Valentine’s Day is a day of celebration. It’s an opportunity to reflect on romance, step outside of the routine, and communicate your feelings and appreciation for your partner. For many people this means a night out at their favorite restaurant or bar. It also means that there is a large probability that you or your partner will look at the bartender and say:

"Just make me something not too sweet."

This phrase is as ubiquitous as it is vague. It’s vague because it doesn’t actually describe a flavor. What is sweet to one guest is merely fruity to another. One person’s dry martini includes vermouth, while another’s might not. When existing in a vacuum the phrase “not too sweet” doesn’t actually give the bartender any information on how to actually adjust the drink to satisfy the request. It’s like asking a chef to make sure a dish isn't too salty without having ever tasted it. Yet if asking for a drink “not too sweet” doesn’t offer any hard information why is it such a ubiquitous request?

Just like James Bond ordering a martini “shaken not stirred” sounds cool even though it usually creates an inferior drink, saying “not too sweet” sounds good when someone is looking for guidance on what to order. Or if they are intimidated by a menu and unfamiliar with ingredients. Maybe, like an ex best left in the past, they’ve been burned by unbalanced drinks in the past. We are ultimately guides for our guests to help navigate their experience at our venue so they can have the best experience they can. Just like a good relationship it’s all about communication. Which is why the second thing this phrase says is so important…

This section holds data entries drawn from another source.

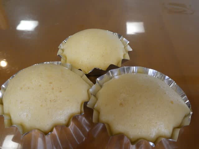 ケーキカップにタネを慎重に入れて・・・
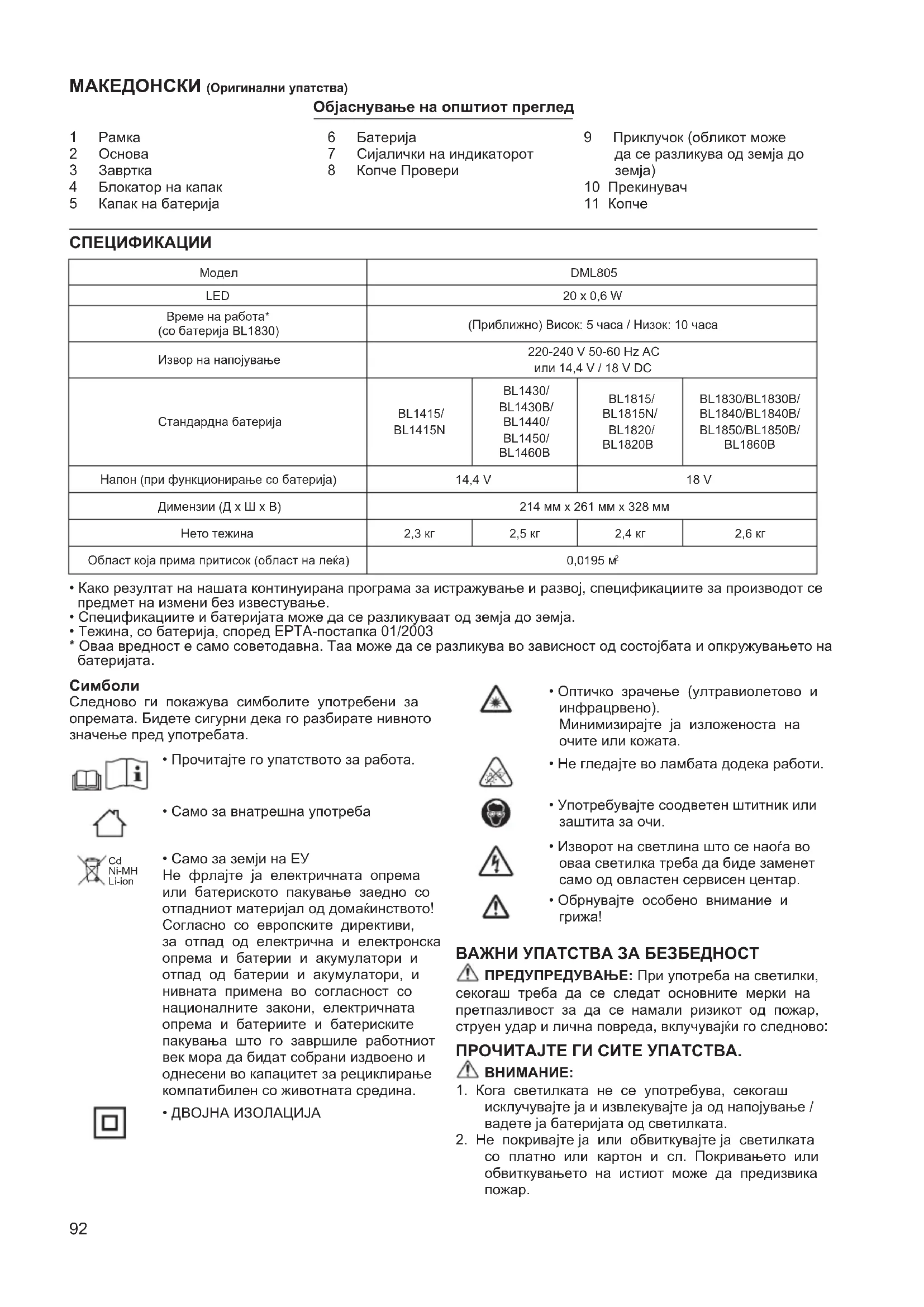 DML805 - ламба MAKITA - Бесплатен кориснички прирачник
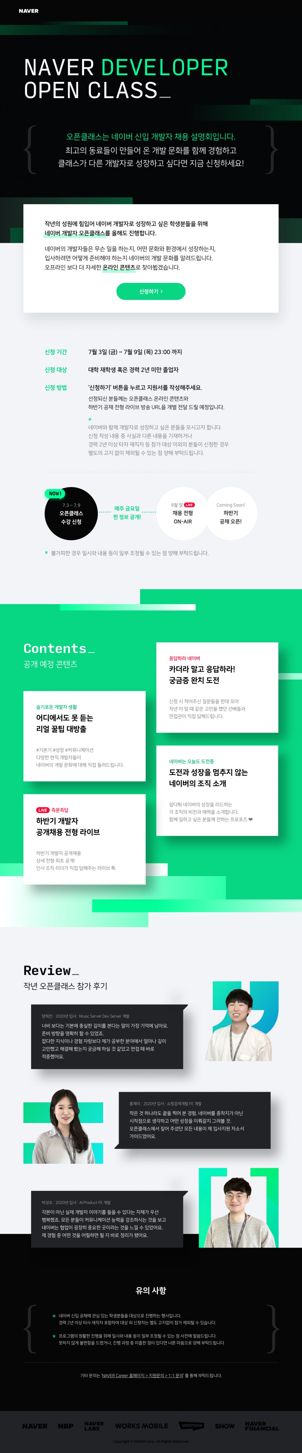 작년의 성원에 힘입어 네이버 개발자로 성장하고 싶은 학생분들을 위해 네이버 개발자 오픈클래스를 올해도 진행합니다.
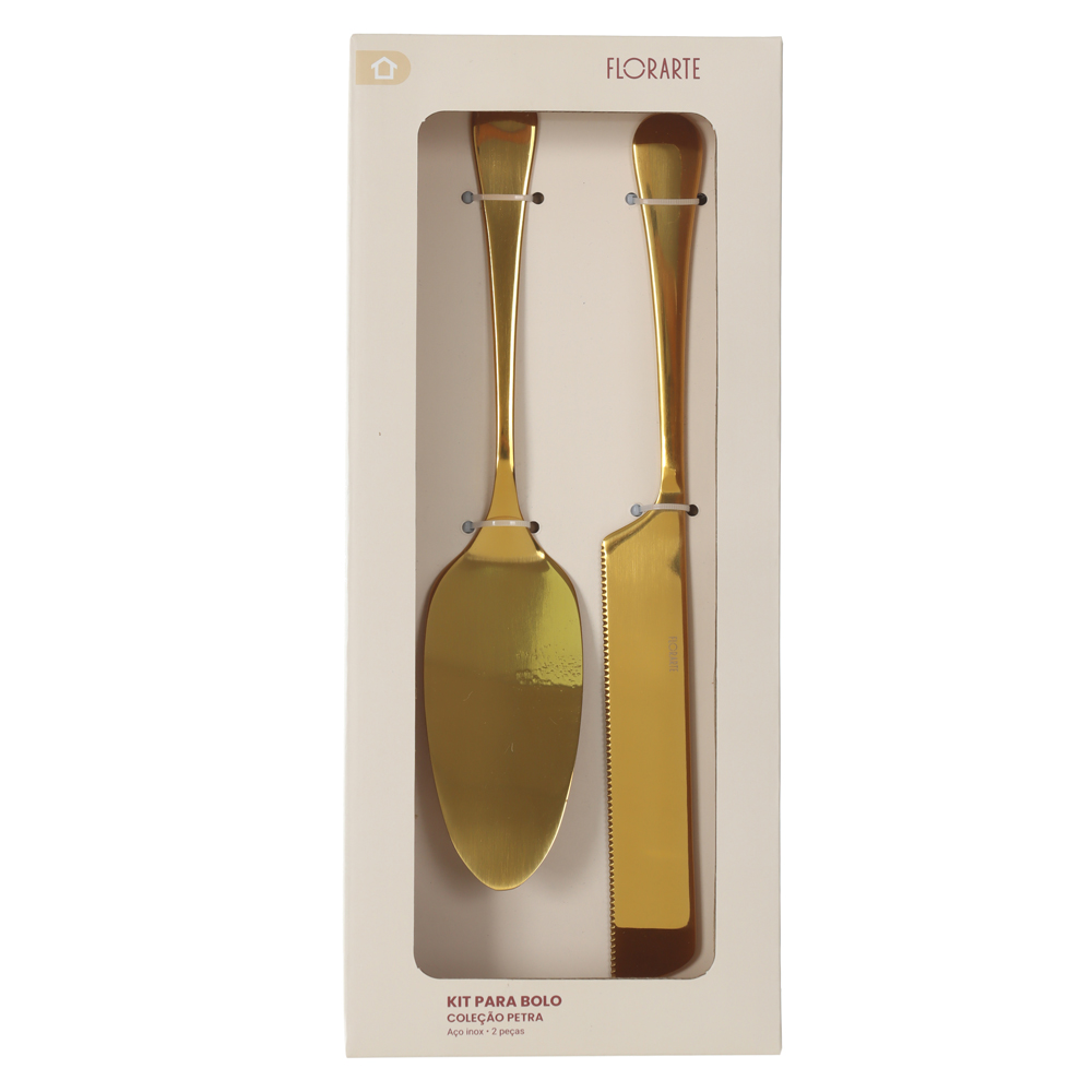 KIT PARA BOLO ACO INOX C/2 PCS PETRA (DOURADO)
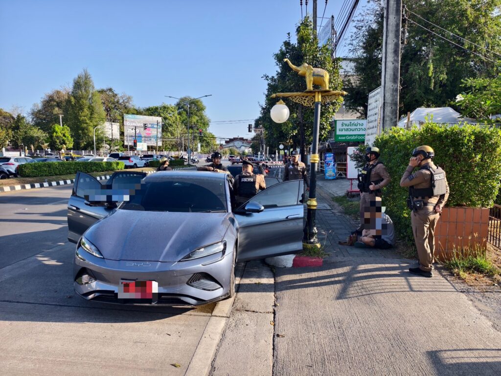 ขณะขบวนตรวจผ่านมาถึงบริเวณหน้าร้านไก่ย่างเขาสวนกวาง ใกล้กับแยกนิมมานเหมินทร์ บนถนนสมโภชเชียงใหม่ 720 ปี พ.ต.อ.มนัสชัย สังเกตเห็นรถยนต์เก๋งคันหนึ่งจอดอยู่ในลักษณะมีพิรุธและต้องสงสัย จึงตัดสินใจเข้าทำการตรวจสอบทันที
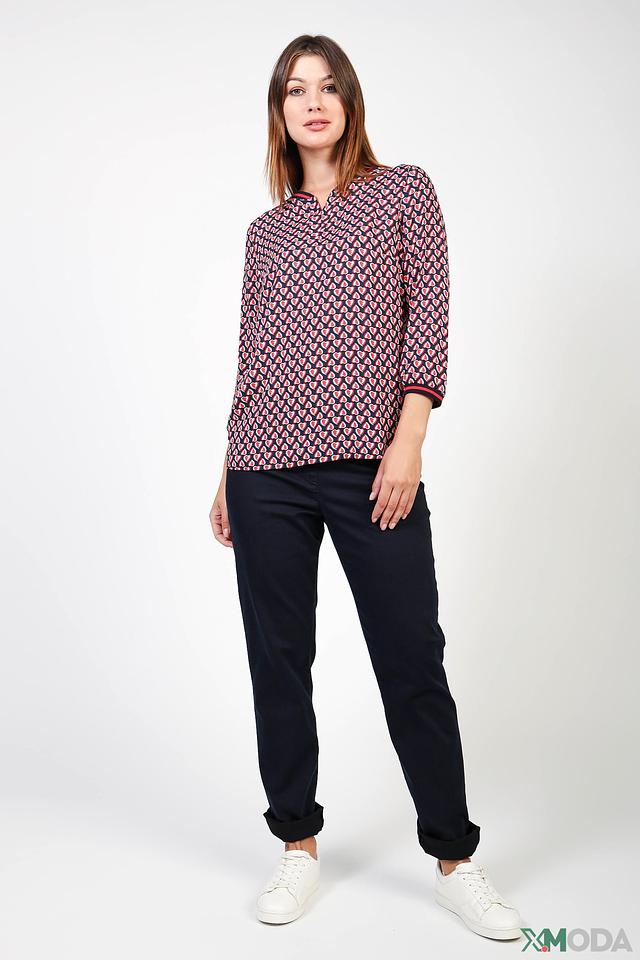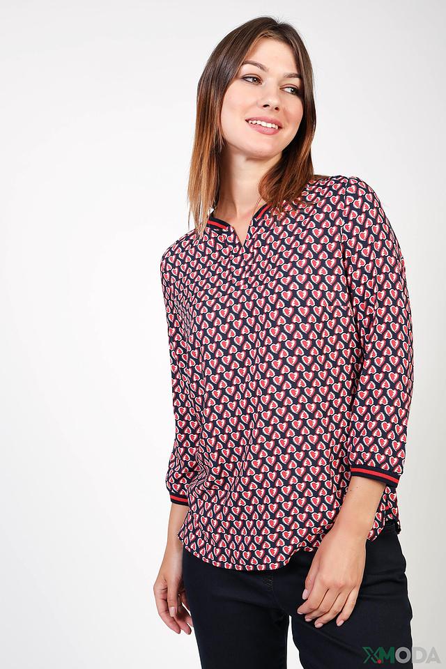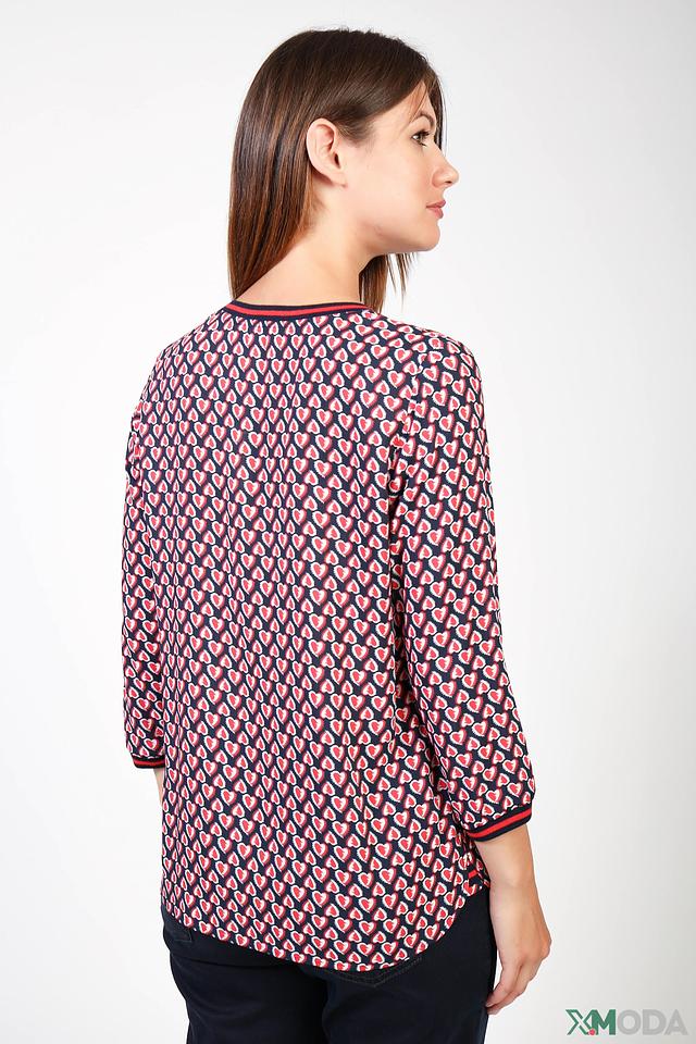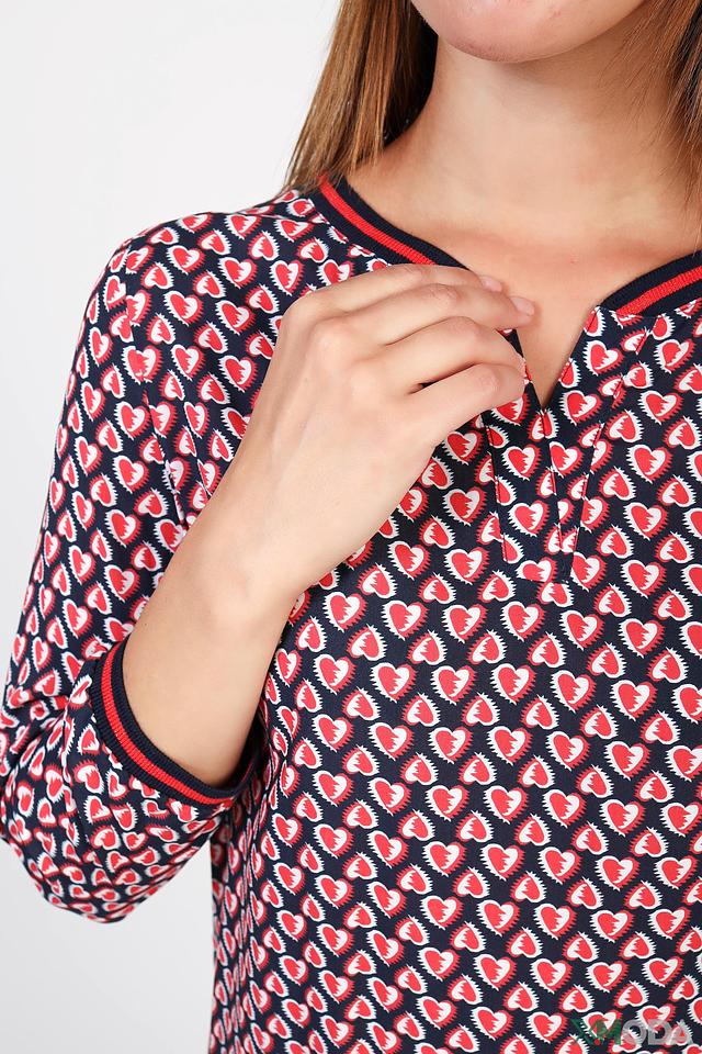Основной цвет блузы – глубокий синий, который служит идеальным фоном для принта из красных сердец. Воротник V-образный, с отделкой тонкой красной полоской. Рукава длиной три четверти также имеют красную окантовку.
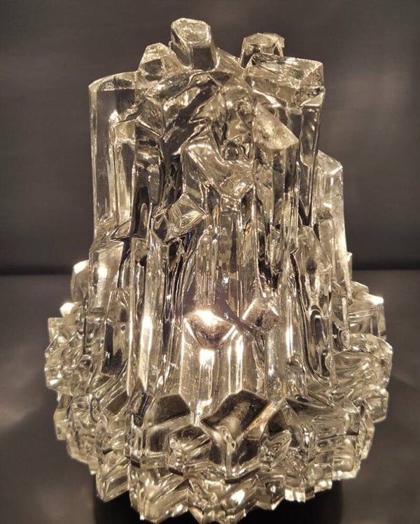 Deze Mid Century plafondlamp heeft een lampenkap van dik transparant glas. Door de vorm van het glas ontstaat er een diamantachtig effect. Prachtige vintage plafondlamp van zware kwaliteit. De plafondkap is van zwart kunststof inclusief fitting.
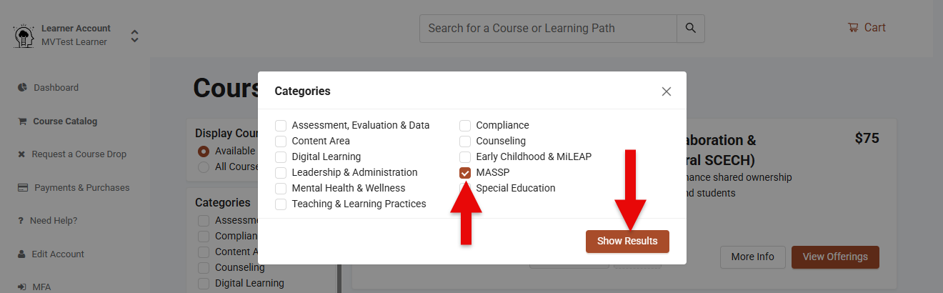 - When the Categories menu is displayed, select MASSP and then tap the Show Results button.
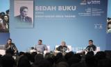 Penulis buku (Bukan) Kisah Sukses Erick Thohir Abdullah Sammy (kedua kiri) bersama Pemerhati Olahraga Fritz E Simandjuntak (kedua kanan) dan Deputi CEO PT PBB Teddy Tjahjono (kanan) menjadi narasumber dalam Bedah Buku (Bukan) Kisah Sukses Erick Thohir di Telkom University, Kabupaten Bandung, Jawa Barat, Senin (5/6/2023). Buku biografi tersebut menceritakan perjalanan hidup dan penggalan-penggalan kisah Erick Thohir sejak masa sekolah, sebagai seorang pengusaha, pimpinan media, penggemar olahraga, hingga menjadi pejabat publik sebagai Menteri BUMN saat ini. (FOTO : ABDAN SYAKURA/REPUBLIKA)
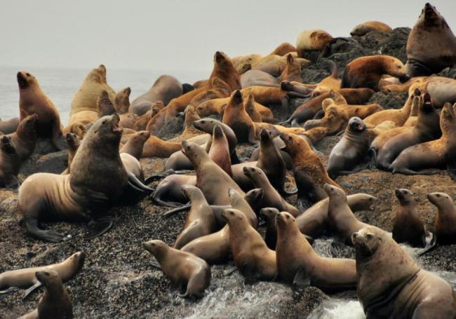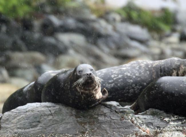 你可以在Tofino镇上或酒店的前台预订观鲸鱼的船,我们订的是可容纳46名游客的大船,船上为游客免费提供热巧克力、茶水饮料,在航海期间,船员还手持鲸鱼模型给游客做一些科普性质的讲解。一路上我们看到了海狮、海豹,当然也看到了鲸鱼。

The second thing someone asking for a drink not too sweet tells me is that the guest is interested in flavor. That they want a good beverage that will elevate their evening and that they trust you to give that to them. And this is amazing! They’re putting a massive amount of trust in you to shape their experience and all it takes is for you to be equally interested.

When I hear “not too sweet” I’m already cycling through a list of drinks and questions to serve up the perfectly balanced beverage. Are you interested in something fruity or herbal? Effervescent or still? Shaken or stirred? Spicy? Sour? Any allergies or aversions? If you’re paying close attention, you’ll notice that these are the same questions you would, and should, ask someone who asks what you recommend on the menu. This goes back to the just mentioned balanced beverage.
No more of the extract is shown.